# Untericht für die Inbetriebnahme einer S7 1200



## kempka (7 Januar 2020)

Habe mir eine S7-1200 besorgt, weiß aber nicht wie diese Inbetrieb genommen wird.
Nicht ein einziges brauchbares Buch konnte ich hierzu finden.
Wer kann mir gegen gute Bezahlung mit einigen Stunden Untericht helfen.


----------



## hucki (7 Januar 2020)

Wäre vielleicht gut zu wissen, wo der Unterricht gegeben werden soll.


----------



## Saltemohn (7 Januar 2020)

Servus,
worum geht es genau ?
Elektrische Inbetriebnahme ?
Verbindung mit Programmiergerät ?
Benutzung des TIA Portals ?
Irgendwas anderes ?
Ich setze die 1200er seit einiger Zeit in der Ausbildung ein, und hätte für jeden Bereich entweder Buchtipps oder selbsterstellte Kurzanleitungen. 
Steffen


----------



## kempka (11 Januar 2020)

Hallo Hucki, 
es wäre wahrscheinlich auch telefonisch möglich.

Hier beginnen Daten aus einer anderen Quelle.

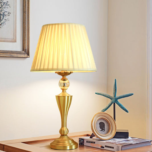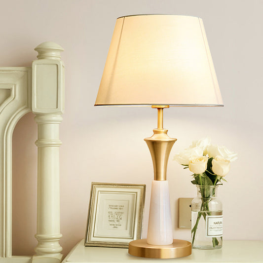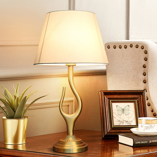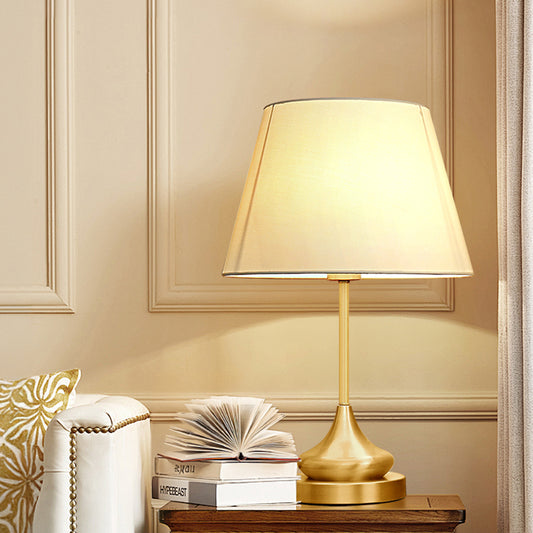 Light Luxury Gold Color Brass Table Lamp Fabric Lampshade Desk Lamp for Bedroom Living Room

Man könnte nach Zeitaufwand abrechnen. Ist 60€/h OK? Allerdings benötige ich eine Rechnung,
weil ich es steuerlich absetzen kann.

Es grüßt
Friedemann Kempka 
fd.kempka@web.de


----------



## DeltaMikeAir (11 Januar 2020)

kempka schrieb:


> Hallo Hucki,
> es wäre wahrscheinlich auch telefonisch möglich. Man könnte nach Zeitaufwand abrechnen. Ist 60€/h OK? Allerdings benötige ich eine Rechnung,
> weil ich es steuerlich absetzen kann.
> 
> ...



Nenne doch mal deine PLZ


----------



## Peter Gedöns (11 Januar 2020)

ich machs mal für Ihn
35099

Er ist ja nu wirklich nicht schwer zu finden .-)


----------



## kempka (12 Januar 2020)

Ich wohne in 35099 Burgwald


----------



## kempka (27 Januar 2020)

könnten wir uns mal telefonisch austauschen.
Es dreht sich um die Inbetriebnahme der SPS und um eine Einarbeitung
in alle Funktionen der SPS einschließlich TIA-Portal

Es grüßt
Friedemann Kempka
Tel. 06451/6055


----------



## Heinileini (27 Januar 2020)

kempka schrieb:


> Es dreht sich um die Inbetriebnahme der SPS und um eine Einarbeitung in alle Funktionen der SPS einschließlich TIA-Portal


Soviel Urlaub kann hucki nicht an einem Stück nehmen! 
Geplante VetragsMindestLaufzeit = ?


----------



## nobi1959 (27 Januar 2020)

https://new.siemens.com/global/de/u...unterlagen/konzept-und-modulbeschreibung.html

Gruß Norbert


----------



## olmuk (30 Januar 2020)

Hi, das ist nicht mit paar Stunden getan - aber begrenzt an einem Projekt machbar


----------



## Onkel Dagobert (31 Januar 2020)

kempka schrieb:


> ... Ist 60€/h OK? Allerdings benötige ich eine Rechnung, weil ich es steuerlich absetzen kann...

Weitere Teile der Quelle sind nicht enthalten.